Top |
NcmStatsDistNcmStatsDist — Abstract class for implementing N-dimensional probability distributions. |
NcmStatsDistCV | CV-type | Read / Write / Construct |
guint | N | Read |
NcmStatsDistKernel * | kernel | Read / Write / Construct Only |
double | over-smooth | Read / Write / Construct |
gboolean | print-fit | Read / Write / Construct |
double | split-frac | Read / Write / Construct |
gboolean | use-threads | Read / Write / Construct |
#define | NCM_TYPE_STATS_DIST |
struct | NcmStatsDistClass |
enum | NcmStatsDistCV |
NcmStatsDist |
Abstract class to reconstruct an arbitrary N-dimensional probability distribution. This class provides the tools to perform a radial basis interpolation in a multidimensional function using a radial basis function and then generates a new sample using the interpolation function as the kernel. This method generates a sample that is distributed by the original distribution, but in a more simple way since the used kernels are easier to sample from. For more information about radial basis interpolation, check [Radial Basis Function Interpolation, Wilna du Toit]. A brief description of the radial basis interpolation method can be found below.

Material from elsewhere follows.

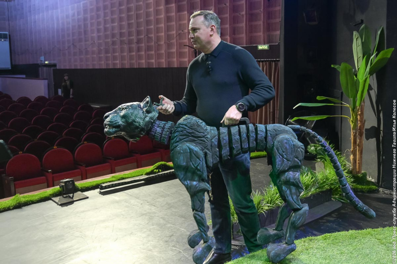 Владислав Пинаев подержал на руках кукол-волчат, попробовал управлять пантерой, посмотрел, как примеряют костюм медведя, и отметил, что у актеров хорошая физическая подготовка, чтобы выдержать весь спектакль с такой нагрузкой.

Given a d-simensional function $g(x): \mathbf{R}^d \rightarrow \mathbf{R}$, a radial basis function $\phi(x, \Sigma)$ is used such that \begin{align} \label{Interpolation_eq} s(x) = \sum_i^n \lambda_i \phi(|x-x_i|, \Sigma_i), \quad x~ \in~ \mathbf{R} . \end{align} The variables $\lambda_i$ represent the weights and are found such that \begin{align} \label{eqnnls1} s(x_i) = g(x_i) , \end{align} being $x_i$ the sample points. The values generated by $\phi(|x-x_i|, \Sigma_i)$ are displayed in a symmetric $n \times n$ matrix $\Phi$. This function depends on the norm of the points and on the covariance matrix $\Sigma$ associated with each point. The weights $\lambda_i$ are also organised in a matrix representation such that equation \eqref{eqnnls1} becomes \begin{align} \label{eqnnls} G = \lambda \times \Phi ,\end{align} where $G$ is a matrix containing all the function values $g(xi)$. Once the Lambda matrix is found, one may use $s(x)$ to sample values from $g(x)$, which is easier to do since $s(x)$ is a polynomial function.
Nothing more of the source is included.